Across the table, Lara and her father stared at her like she’d grown two heads. He frowned. “Where did you get that?”
“The internet,” Amy shrugged, like there could be some other answer. “I’ve been researching it.”
“Wonderful.”
The three of them sitting round the kitchen table. Cartons of Indian take-out spread out on the table top. Amy’s favourite. She had called her dad at work and cajoled him into picking it up on his way home. A special occasion, she said. When he groused, she reminded him that it was Christmas and not to be a Grinch.
Despite the events of last night, the three of them had carried on like it was any other day. Gallagher, hurrying to get out of the house. Hollering at his daughter to get up and get her butt in gear. Amy grumpy and slow like every morning. Her dad reminding her that she had work today, nagging her not to be late. Lara, although still a little shaky, made breakfast. Amy marvelled at the normalness of it all, the three of them bustling through an everyday routine. She said nothing to her dad about Lara’s attempt to run away the night before. Neither did Lara, but she winked at Amy over her coffee. A silent nod of thanks for keeping a secret.

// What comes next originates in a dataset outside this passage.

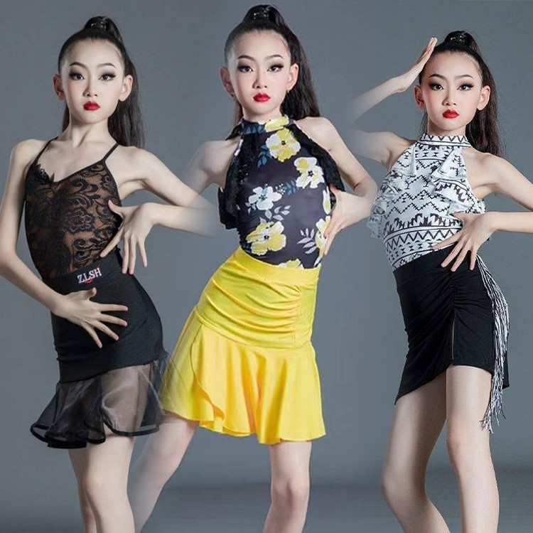 ラテンダンス 二点セット レオタード+スカート キッズ ラテン 演出 高級感 おしゃれ 女の子 ダンスウェア latin 発表会 舞台 競技 練習 ステージ 社交ダンス 120~170cm wudao
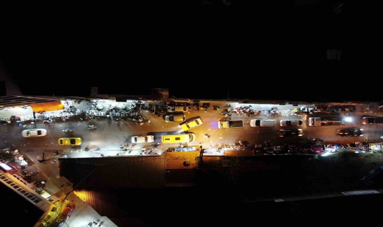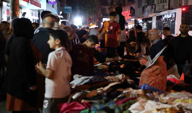 Binlerce İzmirli, on bir ayın sultanı Ramazan’ın bitmesinin ardından Karabağlar’ın Bozyaka Semti Eskizimir Caddesi üzerinde kurulan seyyar tezgahlarda alışveriş yapmak için yoğunluk oluşturdu. Yoğun trafiğin oluştuğu caddede, ucuz ürün alabilmek için birbiriyle yarışan İzmirliler adeta çılgınlar gibi alışveriş yaptı. Tekstil ürünlerinden hediyelik eşyalara, kaldırımda açılan tezgahlarda baklava satışına kadar çeşitli ürünlerin bulunduğu alanda gecenin ilerleyen saatlerine kadar vatandaşlar alışverişin keyfini sürdü. Caddedeki araç ve insan yoğunluğu ise dron ile görüntülendi.

Amy had her dad drop her off at work and Lara stayed home with the dog. Coming home that afternoon, she found Lara flipping through the news, bored. They caught up, Lara eager to know what Amy had been up to these last three months. When dad came home, they unpacked the take-out cartons and tucked in.
Flipping through her notebook, Amy went on. “It’s weird. Every culture has some version of a shapeshifter but there’s no consistency to any of it. But maybe that’s how it works, you know? It affects everyone differently.”
Lara shifted in her chair, uncomfortable with discussing it openly like this. Like chatting about some flaw, like a stutter or a wart, as dinner conversation. “We don’t have to talk about this,” she said.
“Of course we do.” Amy jerked her head up in surprise. “Not to be rude, Lara, but you’re a lycanthrope. How often does that happen?”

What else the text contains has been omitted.